The problems are as follows:
* When plugged into the pc, the adapter's utility app just says "Checking status" and no info being displayed thereafter.
* Windows says the device is working, but it does not come up in the Internet Access popup window in the task bar.
* No info comes up in Xirrus except for the name of the adapter. 

I installed both the drivers that came with the adapter, and the latest drivers from windows update. Neither worked.

It is a Billion BiPAC 3011N adapter.

Thanks in advance for any help given.


----------



## etaf (Dec 28, 2008)

*Re: Wireless USB adapter not picking up any wifi networks*

can we see
*------------------------------------------------------------------------*
*Status of Services*

We would like to see some status information for each of the services listed below. 

To do this goto

Start> Run {search bar in Vista/W7}> type * CMD * to open a command prompt box (A new dialogue box - black with white font, will appear on screen ):

Type the following command 
*SERVICES.MSC* 

*OR*
Control Panel>
Administrative Tools> 
Services>

then for each of the services listed below - Please post back the following status information;
If the service is set to Started or Stopped 
*and* 
If the service is set to Automatic or Manual


COM+ Event System (for WZC issues)
Computer Browser
DHCP Client
DNS Client
Network Connections
Network Location Awareness
Remote Procedure Call (RPC)
Server
TCP/IP Netbios helper
Wireless Zero Configuration _(XP wireless configurations only_)
WLAN AutoConfig (_Windows 7 & Vista wireless configurations only_)
Workstation


If any of those services are not started/running, 
then right click on the service 
then from the menu choose *properties* and now check the dependencies. 
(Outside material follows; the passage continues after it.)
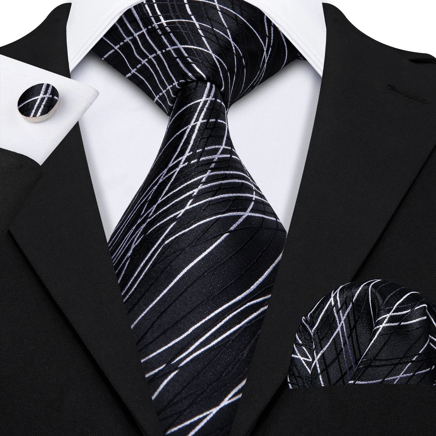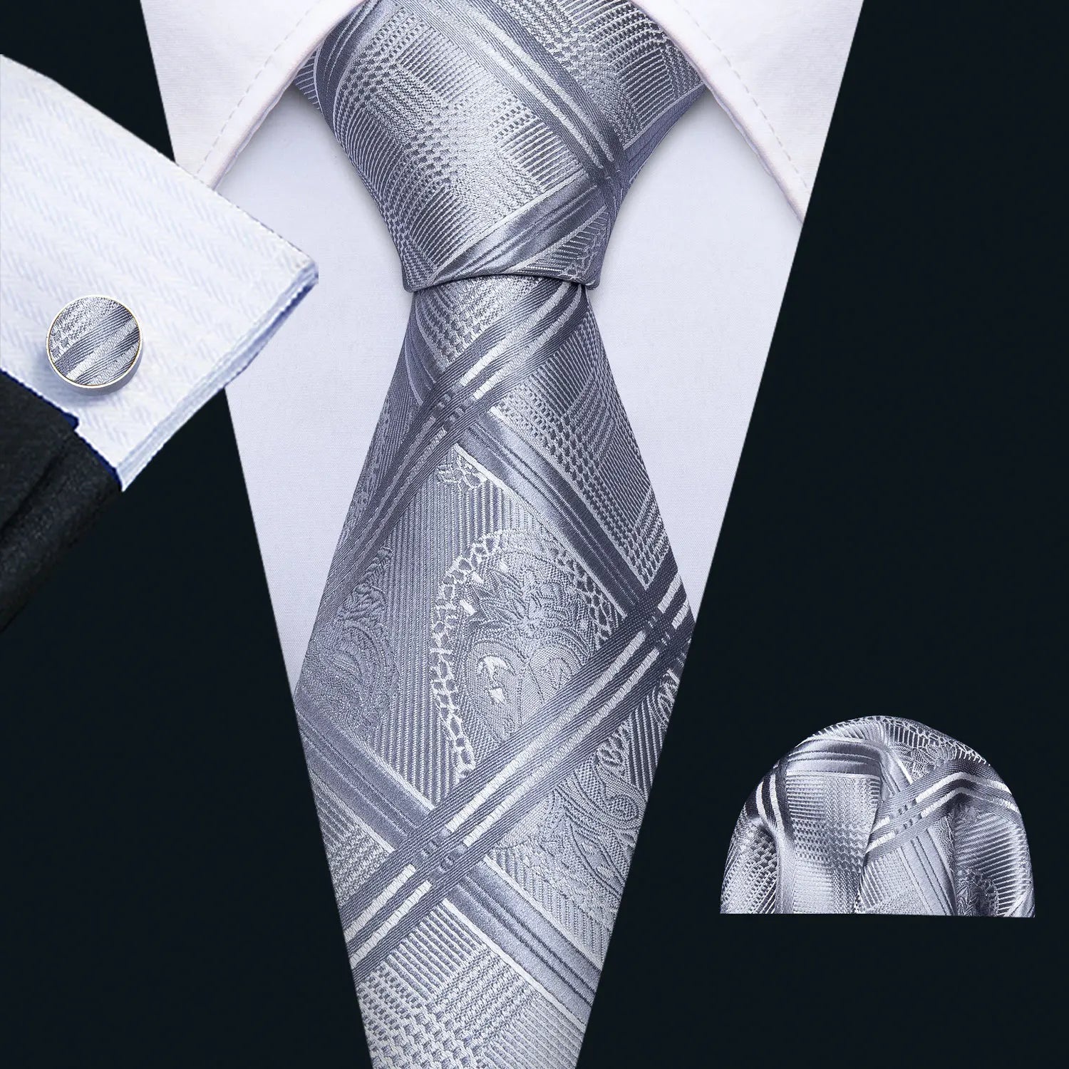 This premium men's tie set features a plaid jacquard weave in multiple colors and designs, complete with a matching tie, pocket square, and cufflinks. Designed for formal events such as weddings, business meetings, and parties, it offers a refined and sophisticated look. Perfect for grooms, groomsmen, or professionals, this elegant accessory set enhances your outfit with a polished, masculine style that commands attention.

for each dependancy entry - Check each of one of the dependencies and see which one is preventing the service from running/starting.

---------

Also to help us identify what may be causing the issue
Check the event log, there may be clues to what is failing. To do that 
Start > 
control panel > 
administrative tools > 
event Viewer>

*------------------------------------------------------------------------*


----------



## johnnyd7 (Oct 3, 2012)

Turns out it was ZoneAlarm (firewall app) causing all the problems.
Thanx for your time.


----------



## etaf (Dec 28, 2008)

excellent - :4-cheers: thanks for letting us know


----------